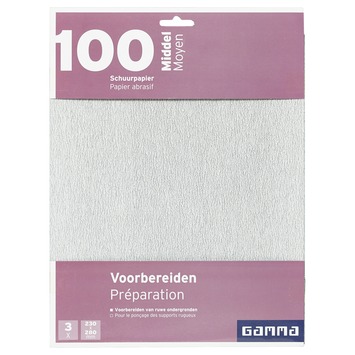 Le papier abrasif brut avec taille de grain 100 de GAMMA convient pour les travaux de ponçage conséquents comme le ponçage de surfaces rugueuses sur le bois, le métal ou le plastique. Tuyau : vous pouvez tenir le papier à poncer en main ou le fixer à un appareil prévu à cet effet. Ce set contient 3 feuilles de ponçage avec une dimension de 23 sur 28 centimètres. Disponible en différentes tailles de grain abrasif.
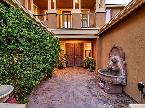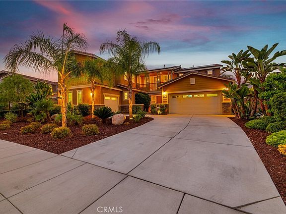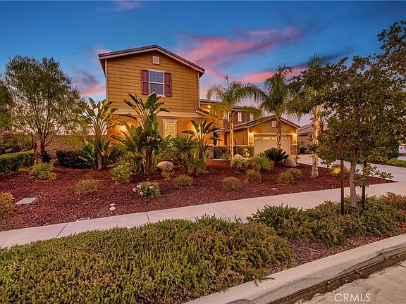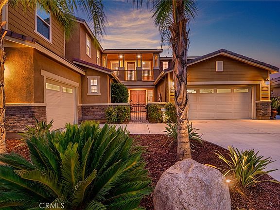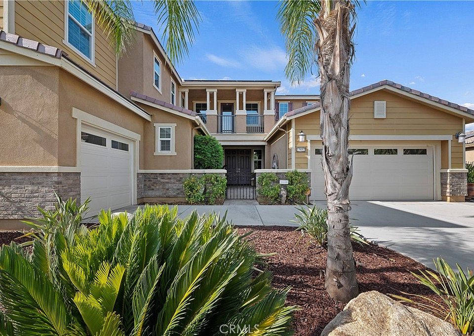Welcome to this stunning home with an ATTACHED CASITA, built by LENNAR in the CITRUS HEIGHTS community of Riverside. Enter the home through a beautiful front courtyard with stone work, fountain and landscaped greenery for tranquility. This MAIN RESIDENCE boasts a thoughtfully designed open floor plan with high-end features throughout. Enjoy engineered wood flooring, elegant shutters, crown molding and tall baseboards. The kitchen is equipped with granite countertops, stainless steel appliances, a large center island with eating area, double oven, and recessed lighting. The living room is filled with natural light from large windows and sliding doors, with a cozy fireplace to complete the space. Upstairs you will find the primary suite with a beautiful retreat area, and a luxurious en-suite bathroom with dual sinks, a soaking tub, walk-in shower, and a spacious walk-in closet. Additional features include ceiling fans throughout, surround sound, a large upstairs laundry room (washer and dryer included), leased solar, and fire sprinklers. Step outside to your own private oasis with AMAZING VIEWS, turf landscaping front and back, built-in BBQ and firepit, and an inground saltwater swimming pool and spa. The large patio cover with ceiling fans and recessed lighting creates the perfect outdoor entertaining space. This home also includes a separate ATTACHED CASITA with its own full kitchen, eating area, living room, bedroom, bathroom, laundry facilities with stackable laundry included, refrigerator, and a private 1-car garage—perfect for guests or as a rental unit. Other highlights include a soft water system, water filter system, exterior landscape lighting, a front-facing balcony, and a separate attached 2-car garage. Don’t miss this exceptional home on the west side of Riverside!
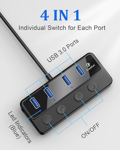 - Blue LED of this usb hub adapter hub shows working status for each port, Individual switch turns off port whenever you don’t need it. Avoid hot-swapping and environmentally friendly, low power consumption to prolong the lifespan of devices
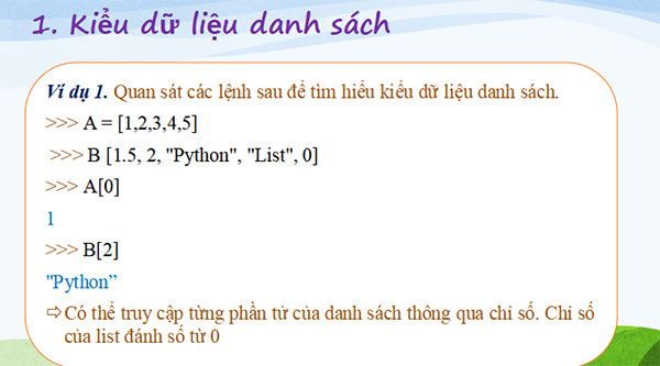 1. KIỂU DỮ LIỆU DANH SÁCH Ví dụ 1. Quan sát các lệnh sau để tìm hiểu kiểu dữ liệu danh sách. >>> A = [1,2,3,4,5] >>> B [1.5, 2, "Python", "List", 0] >>> A[0] 1 >>> B[2] "Python” ⇨ Có thể truy cập từng phần tử của danh sách thông qua chỉ số. Chỉ số của list đánh số từ 0

——————

## Required action
The full listing above, duplicated exactly and without its pictures, is the answer.

## Exercise result
 Le papier abrasif brut avec taille de grain 100 de GAMMA convient pour les travaux de ponçage conséquents comme le ponçage de surfaces rugueuses sur le bois, le métal ou le plastique. Tuyau : vous pouvez tenir le papier à poncer en main ou le fixer à un appareil prévu à cet effet. Ce set contient 3 feuilles de ponçage avec une dimension de 23 sur 28 centimètres. Disponible en différentes tailles de grain abrasif.
Welcome to this stunning home with an ATTACHED CASITA, built by LENNAR in the CITRUS HEIGHTS community of Riverside. Enter the home through a beautiful front courtyard with stone work, fountain and landscaped greenery for tranquility. This MAIN RESIDENCE boasts a thoughtfully designed open floor plan with high-end features throughout. Enjoy engineered wood flooring, elegant shutters, crown molding and tall baseboards. The kitchen is equipped with granite countertops, stainless steel appliances, a large center island with eating area, double oven, and recessed lighting. The living room is filled with natural light from large windows and sliding doors, with a cozy fireplace to complete the space. Upstairs you will find the primary suite with a beautiful retreat area, and a luxurious en-suite bathroom with dual sinks, a soaking tub, walk-in shower, and a spacious walk-in closet. Additional features include ceiling fans throughout, surround sound, a large upstairs laundry room (washer and dryer included), leased solar, and fire sprinklers. Step outside to your own private oasis with AMAZING VIEWS, turf landscaping front and back, built-in BBQ and firepit, and an inground saltwater swimming pool and spa. The large patio cover with ceiling fans and recessed lighting creates the perfect outdoor entertaining space. This home also includes a separate ATTACHED CASITA with its own full kitchen, eating area, living room, bedroom, bathroom, laundry facilities with stackable laundry included, refrigerator, and a private 1-car garage—perfect for guests or as a rental unit. Other highlights include a soft water system, water filter system, exterior landscape lighting, a front-facing balcony, and a separate attached 2-car garage. Don’t miss this exceptional home on the west side of Riverside!
 - Blue LED of this usb hub adapter hub shows working status for each port, Individual switch turns off port whenever you don’t need it. Avoid hot-swapping and environmentally friendly, low power consumption to prolong the lifespan of devices
 1. KIỂU DỮ LIỆU DANH SÁCH Ví dụ 1. Quan sát các lệnh sau để tìm hiểu kiểu dữ liệu danh sách. >>> A = [1,2,3,4,5] >>> B [1.5, 2, "Python", "List", 0] >>> A[0] 1 >>> B[2] "Python” ⇨ Có thể truy cập từng phần tử của danh sách thông qua chỉ số. Chỉ số của list đánh số từ 0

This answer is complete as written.